Vegan Mayonnaise
Tags / Categories: Creamy, Tangy, Plant-Based, Egg-Free, Oil-Based, American, Condiment, Sandwich Spread, Salad Dressing
Quick Info Box
- Prep Time: 5 minutes
- Cook Time: 0 minutes
- Total Time: 5 minutes
- Difficulty Level: Easy
- Yield: About 1 cup (240 ml)
Introduction
If you’ve ever missed the creamy, tangy goodness of mayonnaise on a sandwich or in a salad dressing, but want to keep things completely plant-based, you’re in for a treat. Vegan mayonnaise is surprisingly simple to make right at home, and it’s not only kinder to the planet but also endlessly customizable. Let’s dive into a recipe that brings that rich, smooth texture without any eggs or dairy.

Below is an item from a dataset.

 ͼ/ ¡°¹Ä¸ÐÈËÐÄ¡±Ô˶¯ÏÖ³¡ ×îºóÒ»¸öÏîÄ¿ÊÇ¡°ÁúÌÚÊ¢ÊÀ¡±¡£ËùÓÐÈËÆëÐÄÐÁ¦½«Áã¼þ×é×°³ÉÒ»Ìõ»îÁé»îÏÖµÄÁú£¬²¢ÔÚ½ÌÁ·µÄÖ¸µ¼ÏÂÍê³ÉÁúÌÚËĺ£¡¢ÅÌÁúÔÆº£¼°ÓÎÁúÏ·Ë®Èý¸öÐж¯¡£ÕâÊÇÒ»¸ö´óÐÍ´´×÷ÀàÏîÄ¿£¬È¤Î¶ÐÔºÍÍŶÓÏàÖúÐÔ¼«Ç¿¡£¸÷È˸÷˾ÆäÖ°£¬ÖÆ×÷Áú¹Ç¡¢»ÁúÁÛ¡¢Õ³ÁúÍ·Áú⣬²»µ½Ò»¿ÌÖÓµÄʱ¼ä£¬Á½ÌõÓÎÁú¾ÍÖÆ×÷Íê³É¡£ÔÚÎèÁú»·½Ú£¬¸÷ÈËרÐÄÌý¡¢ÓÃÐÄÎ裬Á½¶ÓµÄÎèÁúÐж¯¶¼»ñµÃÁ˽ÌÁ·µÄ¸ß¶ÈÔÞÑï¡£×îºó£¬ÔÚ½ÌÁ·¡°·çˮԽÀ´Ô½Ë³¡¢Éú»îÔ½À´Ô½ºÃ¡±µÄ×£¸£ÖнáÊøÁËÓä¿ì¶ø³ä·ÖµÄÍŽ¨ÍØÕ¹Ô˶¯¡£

Vegan Mayonnaise Ingredients
- 1/2 cup unsweetened soy milk (or other plant milk like oat or pea-based)
- 1 cup neutral oil (like sunflower, grapeseed, or light olive oil)

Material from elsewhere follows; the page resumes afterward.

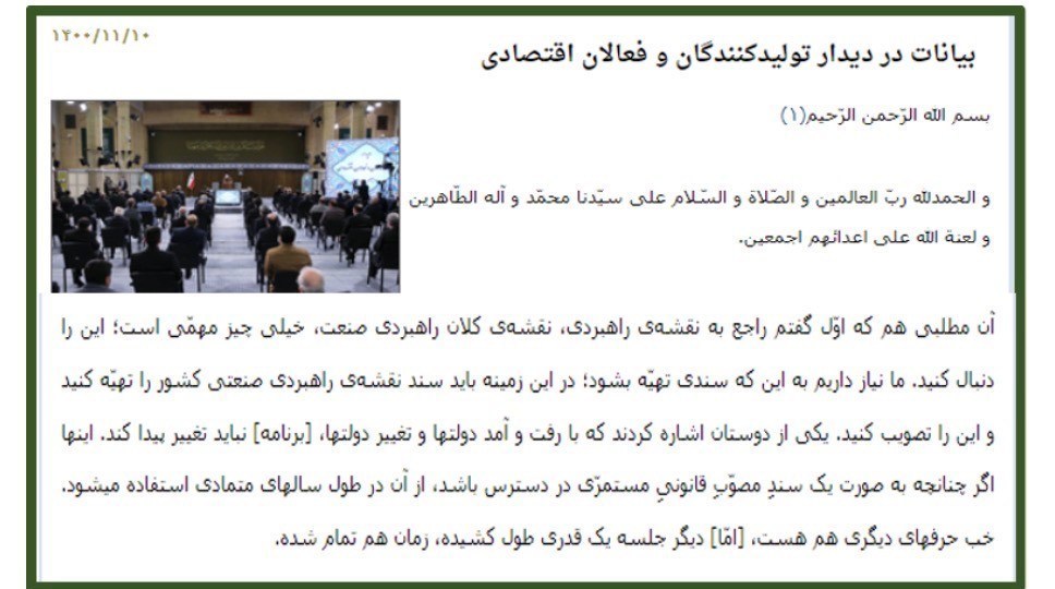 فرمایشات مقام معظم رهبری در دهم بهمنماه سال 1400 در خصوص ضرورت «تدوین سند و نقشه راهبردی صنعتی کشور»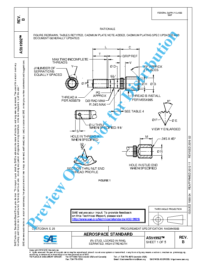 FIGURE REDRAWN, TABLES RETYPED, CADMIUM PLATE NOTE ADDED, CADMIUM PLATING SPEC UPDATED AND DOCUMENT GENERALLY UPDATED.

- 1 tablespoon apple cider vinegar or lemon juice
- 1 teaspoon Dijon mustard
- 1/2 teaspoon salt (more to taste)
- 1/4 teaspoon garlic powder (optional, but oh-so-good)
- 1 teaspoon maple syrup or agave (optional for a touch of sweetness)
How to Make Vegan Mayonnaise: A Smooth & Creamy Delight
Ready to blend up something magic? Don’t worry if you’re new to making mayo at home — it’s like giving your blender or hand mixer a chance to dazzle. Here’s a step-by-step guide that’ll have you spooning out creamy goodness in minutes.
- Start With Your Plant Milk: Pour the soy milk into a tall mixing container or the bowl of a powerful blender. Soy milk is especially great because its protein content helps the emulsification, but you can swap it with other plant milks low in fat.
- Add the Acidity: Toss in the apple cider vinegar or fresh lemon juice. This adds that classic tang and gives your vegan mayo that authentic kick.
- Mustard Magic: Add the Dijon mustard. It’s not just for flavor but also helps stabilize the mixture, improving the texture.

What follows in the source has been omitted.